Different worldviews offer different takes on the relationship of God and nature, each carrying its own set of implications for the study of origins. The atheistic worldview sees no relevance for the idea of God and hence views nature as autonomous. Chance and natural causes are the only processes available to explain origins; hence, the crucial question whether they have the power needed to produce the cosmos.

The pantheistic worldview, common to Eastern religions, sees God and nature as being identical. With nature as autonomous or having its own “mind,” the idea of a separate deity is meaningless. In pantheism, nature possesses divine power. Therefore, in nature an inherent tendency toward self-organization leading to the emergence of life and its complexity exists.

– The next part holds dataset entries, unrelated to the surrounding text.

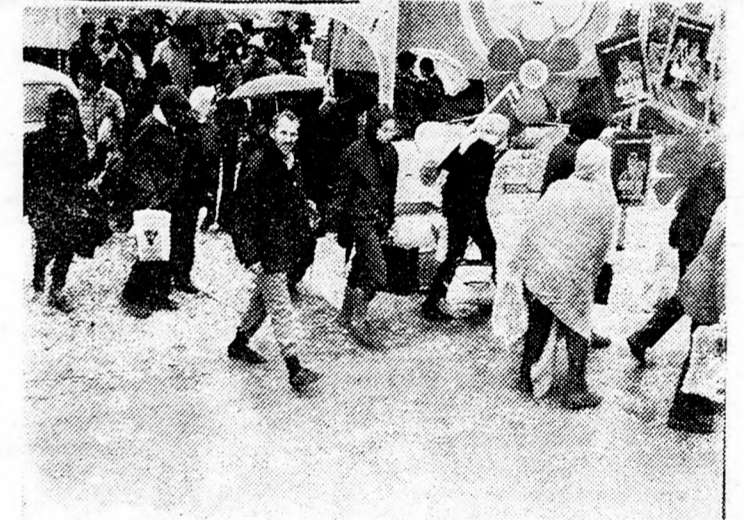
Börig ázva indulnak haza az eső miatt félbeszakadt tárgyalások résztvevői. (Beszámoló a 3. oldalon)

Tegnap Chámúdi Kánáán volt söchemi polgármester minden megindokolás nélkül bejelentet- te, hogy visszavonja jelölését.
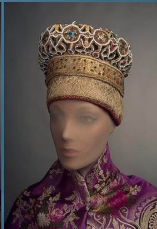
Костюм Московской Руси 15 – 17 века
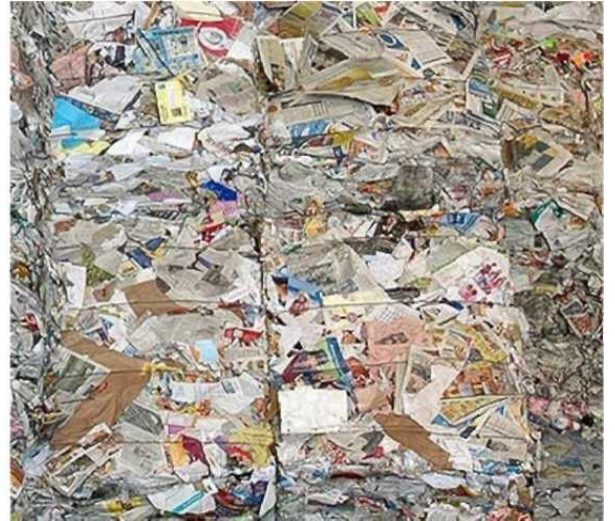
1. Deșeuri de hârtie și carton
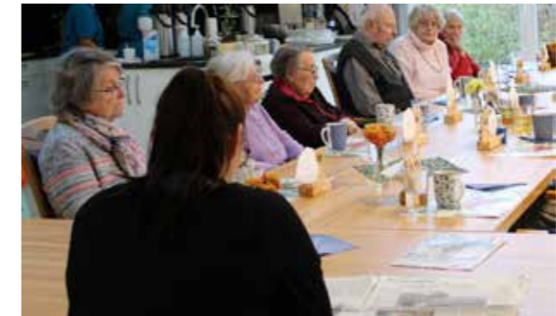
Die morgendliche Zeitungsrunde gehört in unseren Tagespflegen täglich zum Start in den Tag.
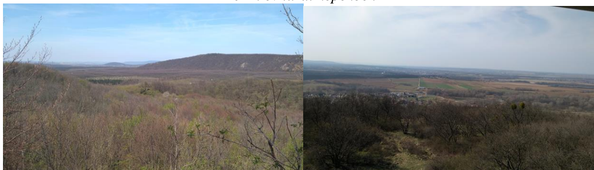
Vértes; kis tisztás
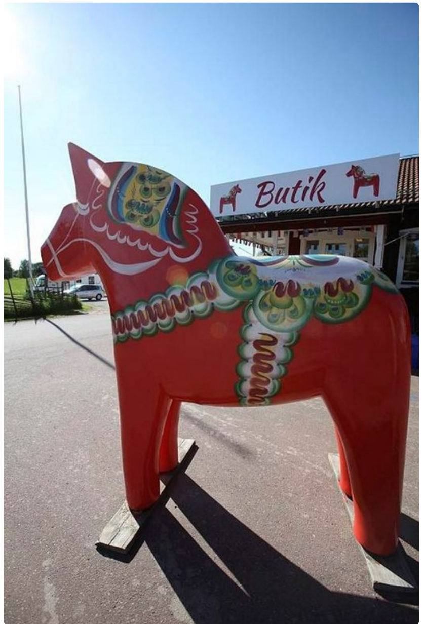
Taalainmaan punainen hevonen on koko Ruotsin symboli.

Vanha kalkkikaivos elää uutta aikaansa Dalhallassa. Kalkkikivikaivokseen rakennetussa amfiteatterissa akustiikka hakee vertaistaan. Viime kesänä luonnonnäyttämö ja -katsomo täyttyi ilta toisensa jälkeen maailmantähtien äänistä huikean akustiikan avulla.

In the theistic worldview,1 God and nature are separate but nature is not independent of God; God acts continuously to maintain nature and occasionally acts in special ways to accomplish His will in specific instances. Nature is totally dependent on God, for both its origin and its continuing existence, with this view shared by Christianity, Judaism, and Islam. The crucial question here is not about the properties of nature, but about the plausibility of the existence of a God with sufficient power to create nature.

This article will explore briefl y the question of whether nature has necessary powers to explain origins. After concluding that it does not, I will show that theism provides the basis for the most plausible story of origins.

Using observations to understand the relationship of God and nature

The probability of theism versus atheism or pantheism can be investigated by looking at the question of whether nature possesses the properties needed to generate life and complex organisms. If it does, all three worldviews are open for consideration; if it does not, atheism and pantheism are falsified, and theism remains the most likely to be true.

Let’s focus on two questions. First, does chance indicate a sufficient causal explanation for the origin of the universe and life? The alternatives: The causative explanation must be either natural law or intelligent design. I will conclude that chance is not a sufficient explanation. Next, I will consider whether natural law seems a sufficient causal explanation. I will conclude it is not. Finally, I will consider whether intelligent design appears a probable and sufficient cause. In this case, the answer is affirmative.

Question 1: Is chance a sufficient causal explanation for life and the universe?

Two lines of evidence strongly point to the insufficiency of chance in causing the origin of nature. First, the universe has a specific set of properties without which life would be impossible.2The relative strengths of the fundamental forces, such as gravity and the forces of the atomic nucleus, along with the values of the physical constants, such as the speed of light, are finely tuned in a way that makes life possible. Slight changes in these factors could make it impossible for atoms and molecules to exist.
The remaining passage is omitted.